Front basal department

This segment is in the lower lobe, the front of it. On the sternum, its location corresponds to the VI-VIII ribs of the axillary midline. There are three boundaries in the department. The first line lies between the lateral and anterior segments in the middle lobe. It corresponds to an oblique furrow. The projection of the second border coincides on the medial surface with the onset of the ligament. The third line lies between the upper and the front segments. The artery starts from the lower branch of the common arterial canal. Bronch departs from the process of the lower part of the same element. Vienna enters the lower main venous branch. Bronch and artery are seen at the bottom of an oblique furrow under the visceral pleura. Vienna is found under the ligament.

Basal lateral department

This segment is seen on the diaphragmatic and rib side of the lung. There is a department in the area between VII-IX plates under the axillary posterior line. It has three boundaries. The first passes between the anterior and lateral segments. The last and medial divisions divide the second boundary. The third line passes between the posterior and lateral segments. Bronch and the artery run along the bottom of the oblique furrow, the vein - under the ligament.

Basal posterior section

This segment is located in the lower lobe. It touches the spine. The segment occupies space in the region of VII-X edges. There are two borders in the department. They separate the posterior segment from the superior and lateral segments. Vienna, bronchus and artery run along the depth of the oblique furrow. With surgical intervention, they are best available from the medial side of the lower lobe.

Segments of the left lung

In the upper part there are the following departments:

  1. Apical. It almost repeats the shape of the eponymous segment in the right lung. Vienna, bronchus and artery are located above the gate.
  2. Rear. Its lower boundary runs down to the V edge. The posterior and apex segments of the left lung are often combined into one.
  3. Front. Its lower boundary lies horizontally with respect to the 3rd edge.

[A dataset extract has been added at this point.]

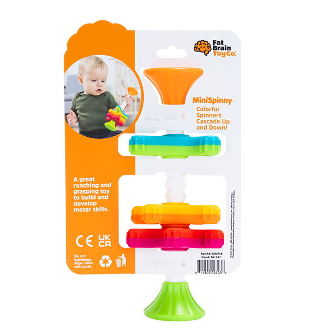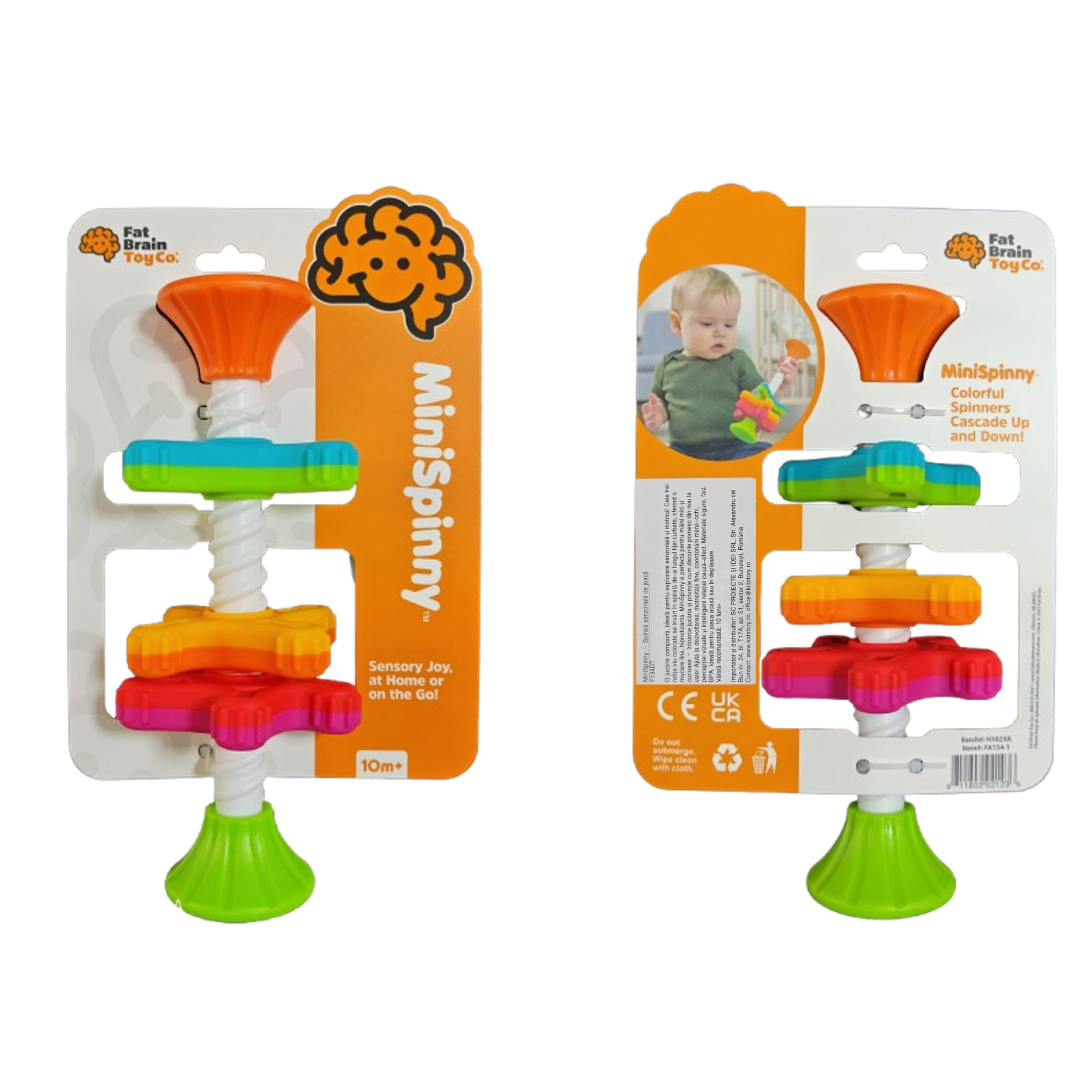 MiniSpinny – jucarie senzoriala de insurubat este o jucarie interactiva care transforma joaca intr-o experienta educativa, stimuland simturile, motricitatea si gandirea copilului. Prevazuta cu 3 elice colorate care se rotesc si coboara pe un ax spiralat, jucaria capteaza atentia si incurajeaza explorarea activa.

Liggular segments of the left lung:

  1. Front. It is located on the costal and medial sides in the region of the III-V ribs and the median axillary line at the level of IV-VI plates.
  2. Lower. It is located under the previous department. Its border coincides with the furrow. The lower and upper ligulate segments of the lung are divided in the middle by the center of the cardiac notch.

Departments of the lower part coincide with those in the organ opposite.

Operative intervention: evidence

In case of violations of the functions of a site, it is resected (deleted). Such a need may arise in the following cases:

  1. Destruction of tissues against the background of inflammation, provoked by infection (tuberculosis, most often).
  2. Rebirth of the lung in the process of tumor growth (evil and benign).
  3. Acquired or congenital formation of a hollow domain.
  4. Purulent disintegration of tissue against a background of a number of pathologies.
  5. Injuries.

Progress of the operation

As a rule, it is typical. Since the lungs are hidden in the sternum, a cut between the ribs is provided for better access to them. Then the plates are spread with a special tool. In accordance with the size of the affected area resection of the anatomical and functional element is carried out. For example, a segment of the lung can be removed. In various combinations of resection, several departments can be subjected at once.

Lobectomy can also be performed. This intervention involves the removal of the organ fraction. In rare cases, marginal resection is performed. This operation is atypical. It is the suturing and removal of a damaged area on the outside of the lung. Typically, this type of resection is carried out with injuries, which are characterized by a small amount of damage.